Появлению Долгушина в Ильинском он обрадовался, увидев в этом для себя хороший знак. Тут же опре­делил ему место в вынашивавшемся им плане мести Ща­велеву. Долгушин своей грамоткой звал мужиков бун­товать? Ну так он, Чернай, взбунтует мужиков близ­лежащих деревень против мироедов. Мужики, с кото­рыми он уже вошел в стачку, поднимутся все, как один, им нужно лишь показать пример, чтобы кто-то первый начал: «Ты начни, а мы поддержим». И вот он придумал, как начать. Он пустит пыхом змея Щавелева, и все подымутся. Не слушая никаких возраже­ний Долгушина, Чернай объяснял ему его- задачу: на какой-то ярмарке в Одинцове или еще где-то, Чернай говорил быстро, понимать его было трудно, должен Долгушин открыто прочесть свой призыв к народу... На этом месте разговора Долгушин, которому наскучил этот бред, остановил Черная, положив руку ему на плечо, посоветовал лечь спать и все забыть, и уехал. Если бы он знал, какие последствия будет иметь этот разговор с Чернаем, он, конечно, не спешил бы уезжать...

Пытался Долгушин навести речь Черная на Игнатия, хотелось все же выяснить причины их вражды и как-то помирить их, но всякое упоминание об Игнатии вызывало новый приступ ярости Черная. Только и удалось, что убедиться: Чернай ставил в вину Игнатию помимо прочего то, что тот будто бы помогал каким-то образом Щавелеву за особое вознаграждение держать в кулаке других крестьян в округе, между про­чим, и тех, которые входили в его плотницкую артель и которых он будто бы безбожно обсчитывал. Это, ко­нечно, было полнейшим вздором. Игнатий был честен, для Долгушина это было совершенно очевидно. Игнатий сам был жертвой паука Щавелева, и если не отзывался о Щавелеве дурно, то это еще ничего не значило. И сомнения Игнатия в спасительных возможностях равенства, его своеобразное понимание роли и значения богатства, тоже еще сами по себе ничего не значили. В окружавшем его мире не мог он видеть иных примеров обогащения людей, как обогащения неправедного: богатства создавались одними людьми за счет других, одни люди объедали других. Это ему, человеку от приро­ды справедливому, не могло нравиться, и поэтому мысль о возможности увеличить общественное богатство через уравнение людей привлекла его, но он не в состоянии был так сразу разделить уверенность Долгушина в том, что эта возможность реальна, что это не сказка.

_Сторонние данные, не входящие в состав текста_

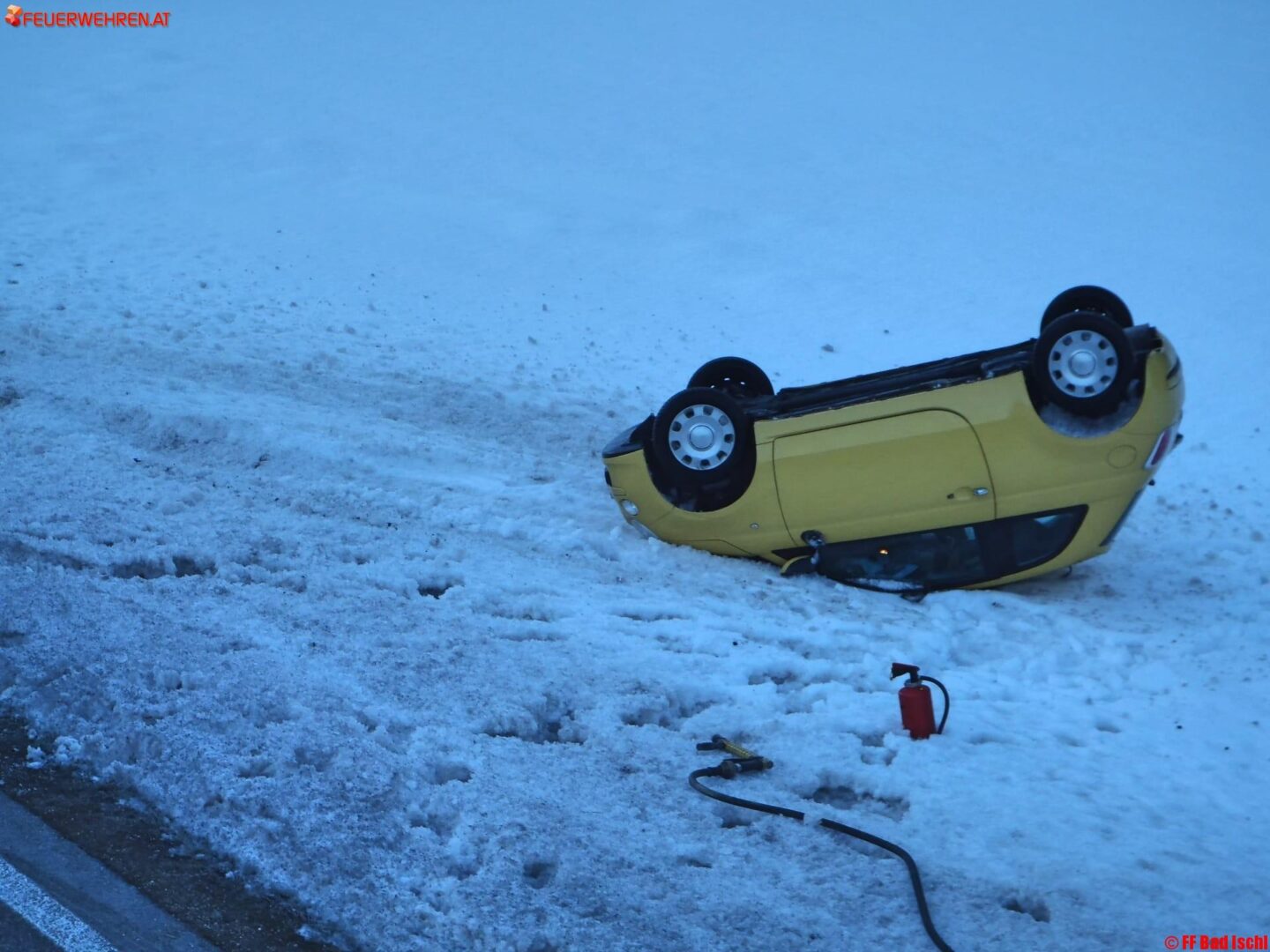 Nach der frühmorgendlichen Fahrzeugbergung wurden die Ischler Florianis erneut zu einem Fahrzeugüberschlag gerufen.

Повидаться же с Игнатием до отъезда в Москву Долгушин не успел, решил, что повидается после Москвы.

 

8

В Москву укатили все вместе, правил Долгушин, ехали весело, с песнями, как ехали из Москвы в Сареево три недели назад, только теперь вместо Татьяны, оставшейся с Аграфеной на даче, в тележке сидел Ананий.

Вместе заехали к Кириллу Курдаеву, в его новую мастерскую, поделили прокламации между собой и ра­зошлись каждый по своим делам, решив к вечеру собраться у Далецкого и там заночевать, а утром отпра­виться по своим маршрутам.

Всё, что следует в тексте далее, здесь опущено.